━━━ Source information ━━━

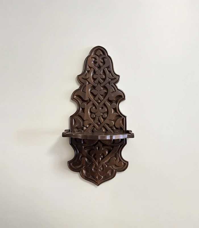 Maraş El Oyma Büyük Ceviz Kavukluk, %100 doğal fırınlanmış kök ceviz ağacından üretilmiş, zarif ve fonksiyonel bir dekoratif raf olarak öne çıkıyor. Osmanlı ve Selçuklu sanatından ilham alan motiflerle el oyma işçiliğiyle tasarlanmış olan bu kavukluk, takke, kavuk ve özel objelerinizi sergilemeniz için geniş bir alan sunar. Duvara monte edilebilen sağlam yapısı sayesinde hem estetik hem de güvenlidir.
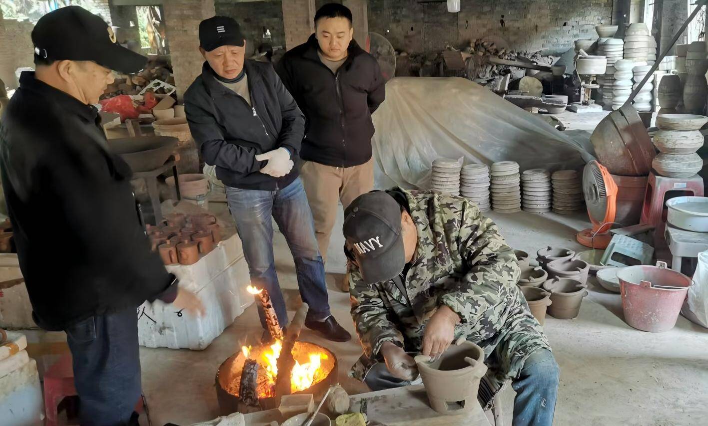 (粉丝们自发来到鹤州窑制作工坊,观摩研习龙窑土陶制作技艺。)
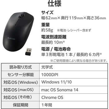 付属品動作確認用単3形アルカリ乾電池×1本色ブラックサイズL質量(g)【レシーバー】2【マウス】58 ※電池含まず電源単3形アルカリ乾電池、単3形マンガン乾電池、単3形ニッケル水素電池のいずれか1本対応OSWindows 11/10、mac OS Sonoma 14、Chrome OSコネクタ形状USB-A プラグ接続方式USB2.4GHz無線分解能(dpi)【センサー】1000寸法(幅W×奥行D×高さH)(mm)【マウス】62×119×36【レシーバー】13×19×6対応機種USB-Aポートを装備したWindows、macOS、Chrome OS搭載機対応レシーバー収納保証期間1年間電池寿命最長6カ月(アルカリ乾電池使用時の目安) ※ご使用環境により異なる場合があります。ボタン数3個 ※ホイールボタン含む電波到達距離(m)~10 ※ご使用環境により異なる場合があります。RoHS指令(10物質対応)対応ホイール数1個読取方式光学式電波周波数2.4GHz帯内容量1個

━━━
━━━ Source information ━━━

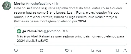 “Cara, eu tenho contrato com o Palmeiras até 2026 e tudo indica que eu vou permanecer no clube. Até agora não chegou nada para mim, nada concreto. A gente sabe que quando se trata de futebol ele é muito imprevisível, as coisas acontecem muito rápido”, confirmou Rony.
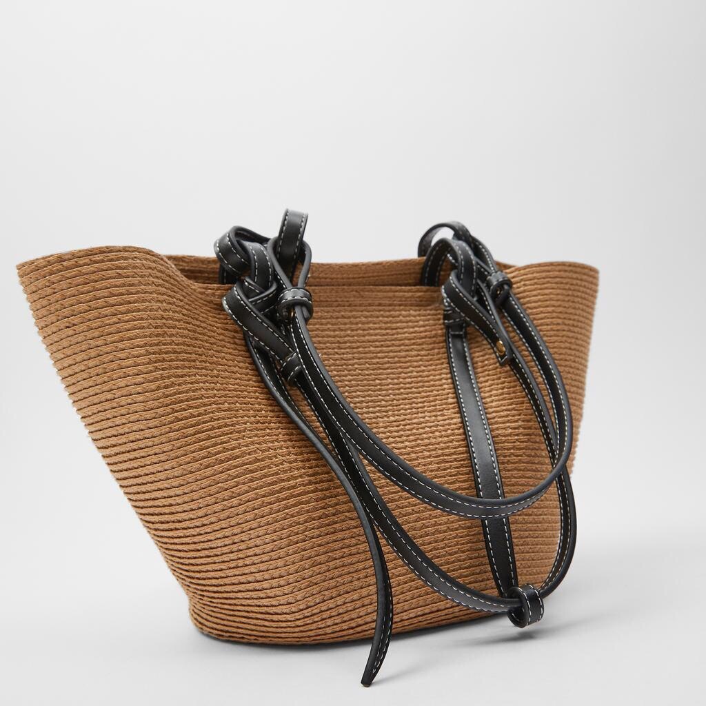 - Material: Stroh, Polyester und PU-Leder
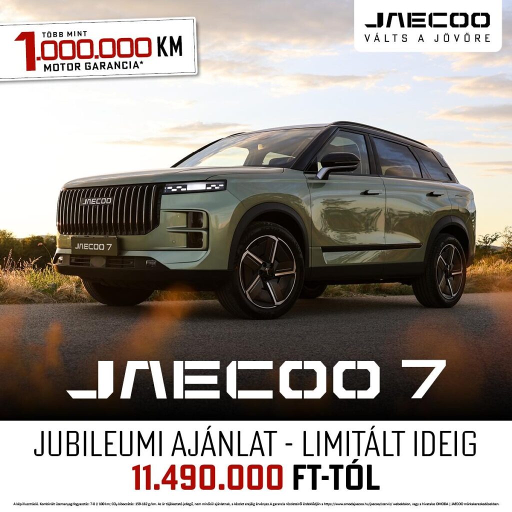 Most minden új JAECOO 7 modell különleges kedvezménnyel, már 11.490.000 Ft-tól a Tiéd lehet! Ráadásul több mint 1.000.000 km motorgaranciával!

━━━

- **Work request**
Write back the stretch of lines above that begins with the line holding "- Material: Stroh, Polyester und PU-Leder" and ends with the line holding "Most minden új", both included, exactly as written. Pictures stay out.

- **Response for this exercise**
 - Material: Stroh, Polyester und PU-Leder
 Most minden új JAECOO 7 modell különleges kedvezménnyel, már 11.490.000 Ft-tól a Tiéd lehet! Ráadásul több mint 1.000.000 km motorgaranciával!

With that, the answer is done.